Dadness

Nov. 14th, 2003 08:20 pm
slipjig3: (Default)
[personal profile] slipjig3
And so, Adam's Grand and Glorious Parenting Adventure goes onward, ever onward.

Nik's got himself a lovely virus going, which means it's going to be a long night, methinks. He has a habit of coughing himself awake when the respiratory nasties come a-callin', and call they have (I don't call this house "the giant petri dish" for nothing). Nik's coughing sounds particularly nasty, one of those phlegmy, wheezing jobbers that sound like he's dislodging his thyroid. Mind you, this ahsn't affected his mood in the slightest, since he still bounces around like an otter in a Chuck E. Cheese ball pit. The only time he's in a bad mood is when we're trying to administer Motrin for the fever; at this stage, tattooing him would be easier.

Abbey, on the other hand, is her usual chipper self, more so now that birthday party plans are officially under way. The party in question will be held at the Fun Spot, formerly Skateland, and Abbey is soooo looking forward to it. (The grownups, less so.) Daddy's job today was handwriting 15 Finding Nemo invitations, which he was glad he got done quickly because if his manager at work had caught him he'd be a dead man.

I actually had some catching up to do, because yesterday I managed to commit several heinous and unforgivable crimes in the space of about 45 minutes:
1) picking Ms. Abigael up from the after-school program early, before she got her snack;
2) saying that the happy meals we'd be buying would be purchased at the drive-up window, thus depriving her of valuable crazed-lunatic-sugar-high time in the McDonald's Playroom;
3) telling her that Grandma was sick (not something you want to tell a 6-year-old drama queen who has already been weeping over lesser crises for 30 minutes);
4) playing a CD other than the one I burned for her last Christmas;
5) not handing over all the money in the change sorter in the van, as is her Daughterly Right.
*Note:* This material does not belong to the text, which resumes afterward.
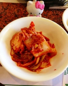 Those were the staters of our meal here. For our main meals, we had to choose between their tofu soups or their special dishes. Their special dishes consists of the meat dishes like bulgogi and the bi bim bap. Since I’ve had their tofu soups before and never ever had bi bim bap, I decided to get the bi bim bap. This “mixed dish” had a fair share of veggies (carrots, cucumbers, carrots, bean sprouts and seaweed). It also had fried egg and sliced beef. The spicy sauce was served on the side. Mixing in all the ingredients was fun! The spicy sauce mixed in with all the veggies and the white rice made for a very good dish. It was like a giant salad with rice :).

*sigh* I can say with authority that Mariah Carey's handlers have it easy.

(no subject)

Date: 2003-11-14 06:02 pm (UTC)
yendi: (Default)
From: [personal profile] yendi
Sin #1 is one of those unforgivable ones. Because nothing we can (or are willing to) serve them at home can compare to the high-nutrition stuff aftercares serve (ours often serves vending machine quality stuff).

and "6-year-old drama queen" is very redundant (as is "8-year-old drama queen")

(no subject)

Date: 2003-11-14 06:05 pm (UTC)
From: [identity profile] slipjig.livejournal.com
Thou speakest truth, kind sir. The thing that I loved about the picking-her-up-early crisis was that the brouhaha started while we were still walking to the car; I offered to let her go back in for the snack (since we weren't in a big hurry), but she refused, ferociously. I guess at that point it was more desirable to be the Injured Party.

(no subject)

Date: 2003-11-15 09:22 am (UTC)
From: [identity profile] irisira03.livejournal.com
The only time he's in a bad mood is when we're trying to administer Motrin for the fever; at this stage, tattooing him would be easier.

Well, would YOU want to take that stuff???

I was the worst when my mom tried to give me medicine. Although, now, I must say I am a fan of Vicks 44 when I'm sick. I brought a bottle of it to my summer job last year and took a shot an hour ... it was better than calling in and listening to my boss whine that I would only be working 38 hours that week, instead of my usual 45. :-)

FYI - everyone else worked about an average of 25-35 hrs/week.

(no subject)

Date: 2003-11-15 12:19 pm (UTC)
From: [identity profile] chiara607.livejournal.com
You have inspired me to call my parents and apologize on behalf of Elizabeth and myself for being, at one time, six-year-old drama queens. (Well, her more than me, but that's really irrelevant.) I thought you'd be interested to know this.